**Records to process**:
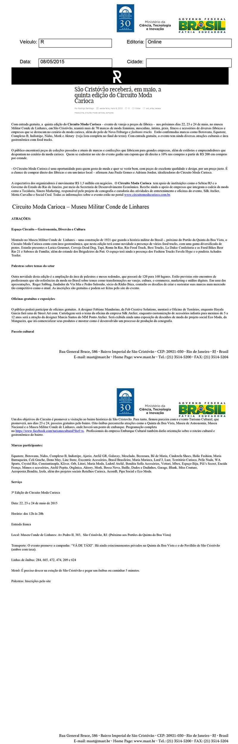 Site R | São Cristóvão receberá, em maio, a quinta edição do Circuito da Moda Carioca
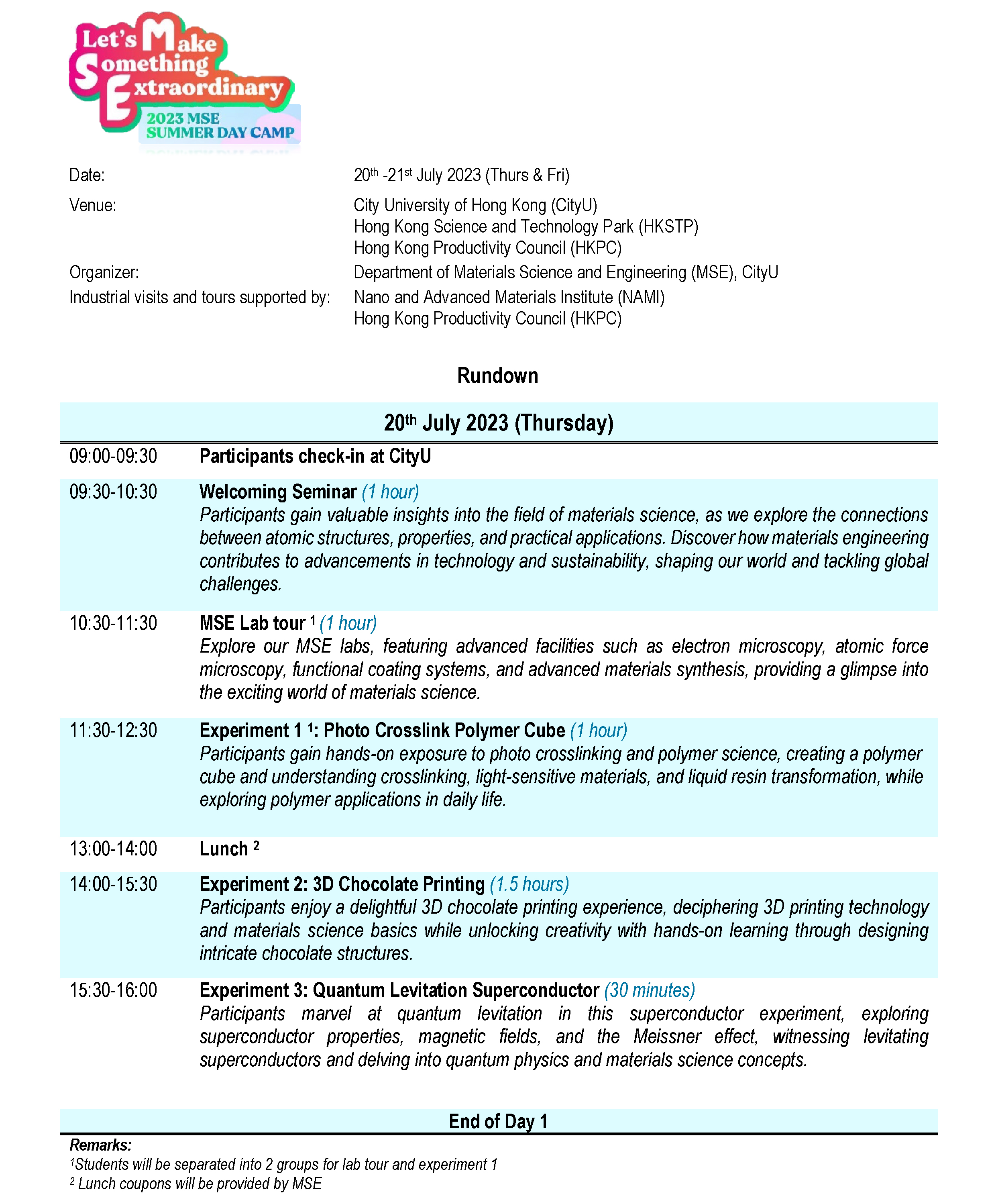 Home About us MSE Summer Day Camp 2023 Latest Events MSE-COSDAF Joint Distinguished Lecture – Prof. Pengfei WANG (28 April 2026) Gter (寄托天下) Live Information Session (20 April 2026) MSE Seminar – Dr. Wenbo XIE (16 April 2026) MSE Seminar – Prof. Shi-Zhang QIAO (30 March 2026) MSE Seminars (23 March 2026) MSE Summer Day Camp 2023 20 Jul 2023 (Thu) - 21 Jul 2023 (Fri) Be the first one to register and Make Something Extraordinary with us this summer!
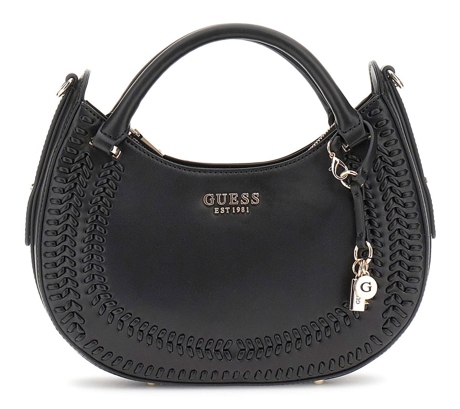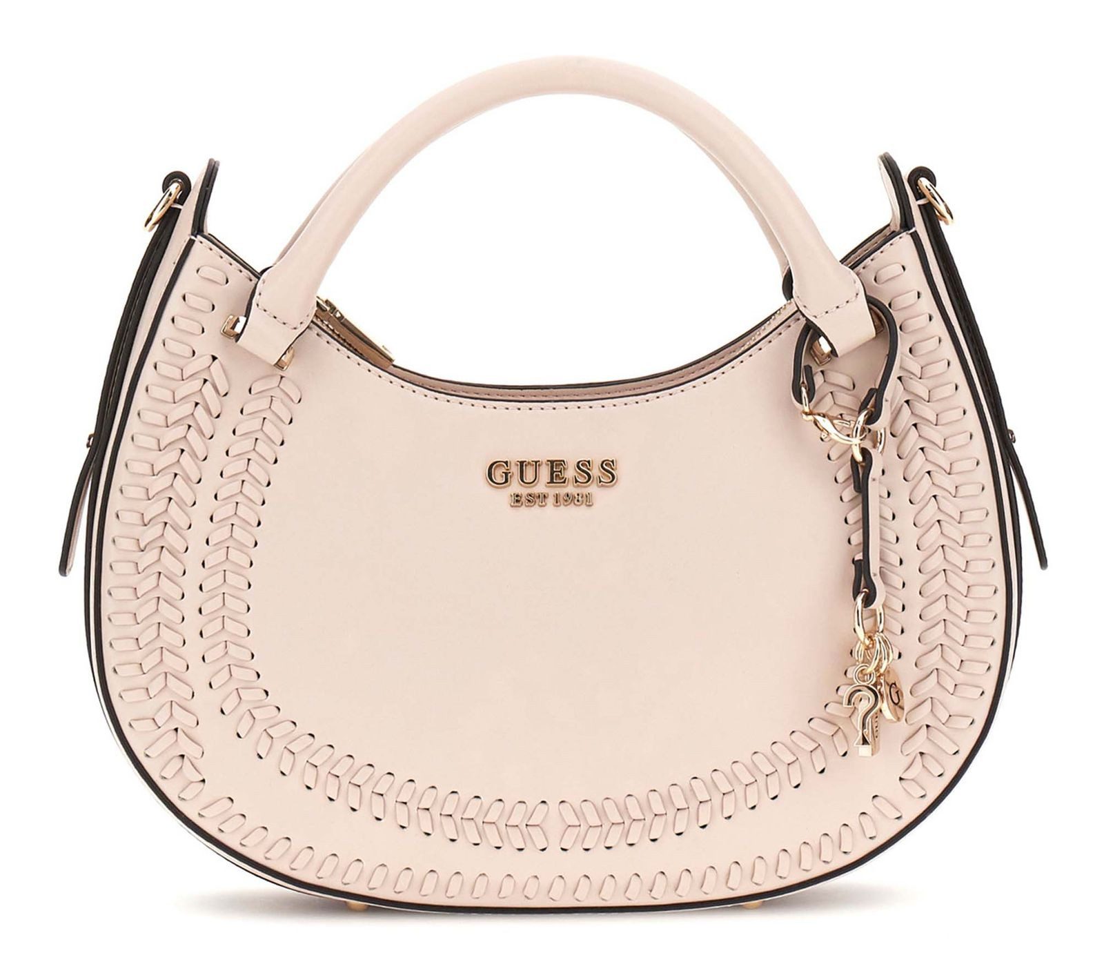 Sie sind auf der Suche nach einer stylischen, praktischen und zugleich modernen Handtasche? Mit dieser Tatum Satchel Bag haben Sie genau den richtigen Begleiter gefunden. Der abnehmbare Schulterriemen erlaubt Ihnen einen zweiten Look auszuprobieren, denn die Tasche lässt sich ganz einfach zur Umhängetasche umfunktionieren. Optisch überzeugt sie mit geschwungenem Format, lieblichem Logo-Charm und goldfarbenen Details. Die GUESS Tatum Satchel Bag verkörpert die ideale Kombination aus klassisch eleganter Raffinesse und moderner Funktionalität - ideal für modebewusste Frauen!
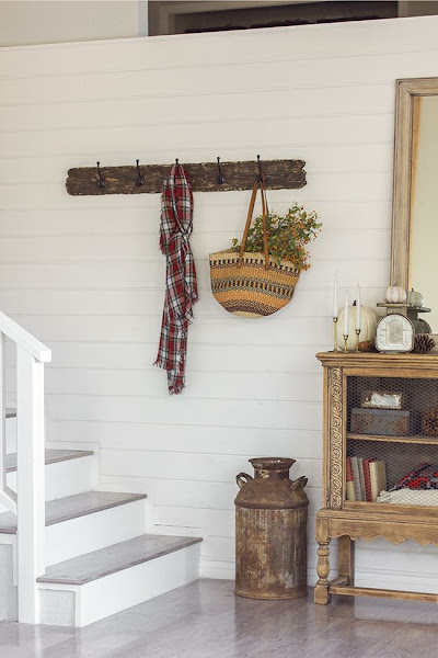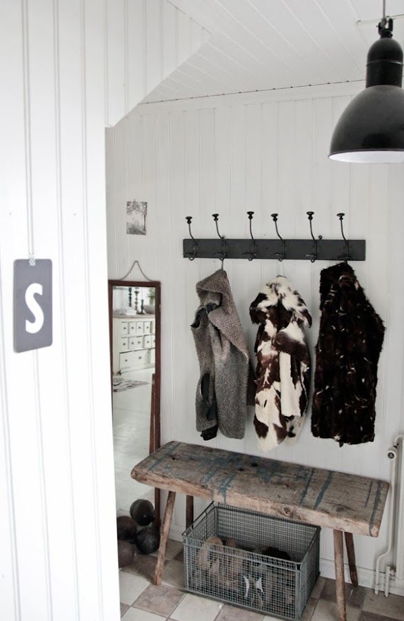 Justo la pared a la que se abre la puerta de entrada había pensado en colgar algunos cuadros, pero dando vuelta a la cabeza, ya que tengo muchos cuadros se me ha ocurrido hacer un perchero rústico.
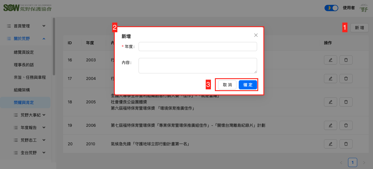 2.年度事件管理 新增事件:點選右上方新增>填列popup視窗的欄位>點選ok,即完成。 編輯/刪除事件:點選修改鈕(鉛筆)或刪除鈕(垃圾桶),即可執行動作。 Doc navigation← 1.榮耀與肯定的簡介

**Problem requirements**:
From the line containing "Sie sind auf" through the end of the entries, quote each line exactly and nothing else, excluding all pictures.

**Written response**:
 Sie sind auf der Suche nach einer stylischen, praktischen und zugleich modernen Handtasche? Mit dieser Tatum Satchel Bag haben Sie genau den richtigen Begleiter gefunden. Der abnehmbare Schulterriemen erlaubt Ihnen einen zweiten Look auszuprobieren, denn die Tasche lässt sich ganz einfach zur Umhängetasche umfunktionieren. Optisch überzeugt sie mit geschwungenem Format, lieblichem Logo-Charm und goldfarbenen Details. Die GUESS Tatum Satchel Bag verkörpert die ideale Kombination aus klassisch eleganter Raffinesse und moderner Funktionalität - ideal für modebewusste Frauen!
 Justo la pared a la que se abre la puerta de entrada había pensado en colgar algunos cuadros, pero dando vuelta a la cabeza, ya que tengo muchos cuadros se me ha ocurrido hacer un perchero rústico.
 2.年度事件管理 新增事件:點選右上方新增>填列popup視窗的欄位>點選ok,即完成。 編輯/刪除事件:點選修改鈕(鉛筆)或刪除鈕(垃圾桶),即可執行動作。 Doc navigation← 1.榮耀與肯定的簡介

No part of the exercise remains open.